Monday, March 16, 2009

Disaster Management Plan: Steps in the Process

Stephen T. Brien is the CEO of EnviroCare is an expert in dealing with disaster issues, and is a forensic environmentalist. His presentation focused on archives.

Pre-disaster review: Locate and document the types of records and their current condition and the current building environment. From Iowa floods had 75 tractor trailer loads of documents. Make the decision on what you are planning to keep – in advance. It is possible to make some decisions after the freeze-drying process.

Identify the records which can be electronically reproduced. Make sure to get the political agreement within the organization.

You have to be smart about FEMA reimbursement. You can have an archive company which can understand and know the key players.

Evaluation includes visual inspection, moisture mapping, air sampling. Document photographically.

Talk with companies in advance and look at their physical plant. You need a group which can triage stuff for you (and without you).

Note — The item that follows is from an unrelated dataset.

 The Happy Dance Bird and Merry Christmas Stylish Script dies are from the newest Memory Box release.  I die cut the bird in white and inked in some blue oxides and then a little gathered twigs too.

Getting a baseline is critical. There will most likely be documents which you cannot recover, or cannot be recovered without huge expense.

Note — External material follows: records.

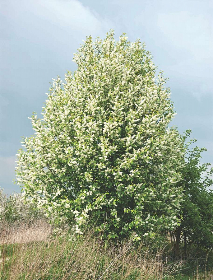 Саженцы Черемухи обыкновенной сорта Альберти (Albertii, Prunus padus) выведена во Франции, названа в честь директора ботанического сада. Это листопадное дерево, высота которого достигает 800 сантиметров. Его крона ширококоническая, густая.
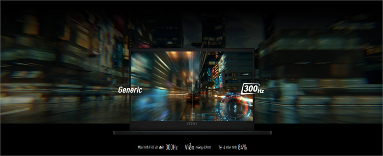 MÀN HÌNH (LCD) Bạn hoàn toàn có thể mở rộng tầm nhìn của mình trên nhiều màn hình với MSI GS66 11UG nhờ vào HDMI và Thunderbolt 3 hoặc tận hưởng đầu ra độ phân giải lên đến 8K qua Thunderbolt 3 để có thêm năng suất và niềm vui. Màn hình 15.6inch của máy có tốc độ làm mới 300Hz cực nhanh, nhanh gấp 5 lần so với máy tính xách tay thông thường để người dùng có thể chơi game tốc độ nhanh như đua xe mà không bỏ lỡ một giây nào. Những hình ảnh vô cùng sống động, sắc nét sẽ được hiển thị nhờ màn hình  , viền mỏng, chống chói của máy. Bạn có thể tận hưởng chúng ở bất kì môi trường ánh sáng nào nhờ khả năng chống chói tuyệt đối và màu sắc rực rỡ.
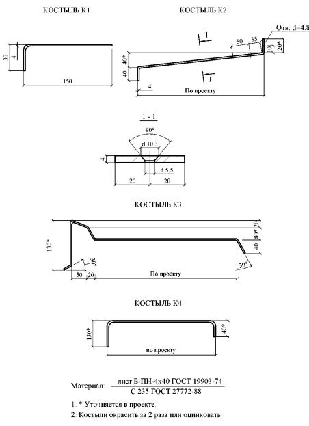 Костыль МС-1 с шагом 700 мм, см. в серии 1.435-28 |
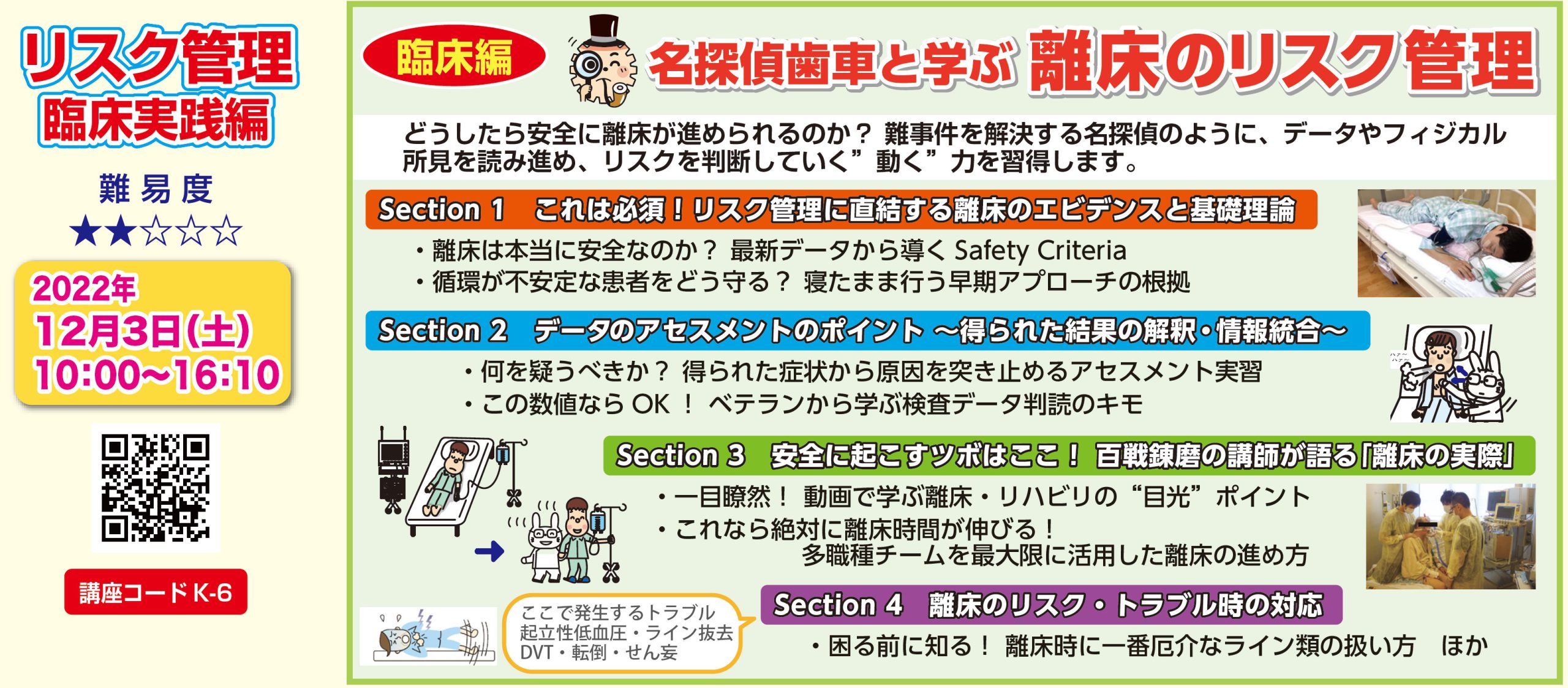 トップページ教育セミナー【見逃し受講受付中】百戦錬磨のプロが本気で教える離床のリスク管理全2回コース ※上記各1 講座受講で離床アドバイザー基礎単位2 単位(実技・理論各1 単位)を取得できます。 ※セットではなく各回受講を希望される方は、各回のページよりお申込み下さい。

Risks and resources outside the building include proximity to rivers and other bodies of water and nearby industrial sites (industrial demographics). It is important to know about resources in the community including highways and rail access, cold storage and refrigeration units, and warehouse space.

Create categories of documents:
  • Category 1 shows little or no evidence of damage
  • Category 2 shows visible evidence of damage but can be restored to a usable condition
  • Category 3 shows visible evidence of extreme damage and should be discarded.
Disaster Management: The disaster has hit. No matter how well you plan, there will be problems.

Assess the scope of the disaster, what kind of event has happened and how widespread is the damage.
  • Level I – the event is localized and containable. The building can remain open.
  • Level II – is a single event that is contrainable. The building may or may not remain open, but can recover.
  • Level III – is a catastrophic event that impedes the long term use.
    Determine damages, determine what resources are needed, develop protocols for the event, bring the resources to the table, and monitor to make sure that only needed services are provided. Make sure that you do not use only one firm for anything. Service providers may respond with what they have not necessarily what you need. You will be second guessed.
Moisture mapping is important. In some of the Florida disasters, the second floor may have mold and other damage from mold and other bacteria (graham-negative bacteria). Whoever is doing business with you needs to have pollution control insurance.

Why are we doing this? Wet materials are very time sensitive, the sooner the documents are dried the more favorable the results.

How to get paid for the disaster: Generally never see a FEMA person (employee), usually dealing with a consultant or contractor. You need to mitigate damages is the key. Make sure that resources and equipment are removed as soon as reasonable. The Clerk of the Works assists with reimbursement and documentation.

Go out now and talk with FEMA and other officials locally to be prepared in advance.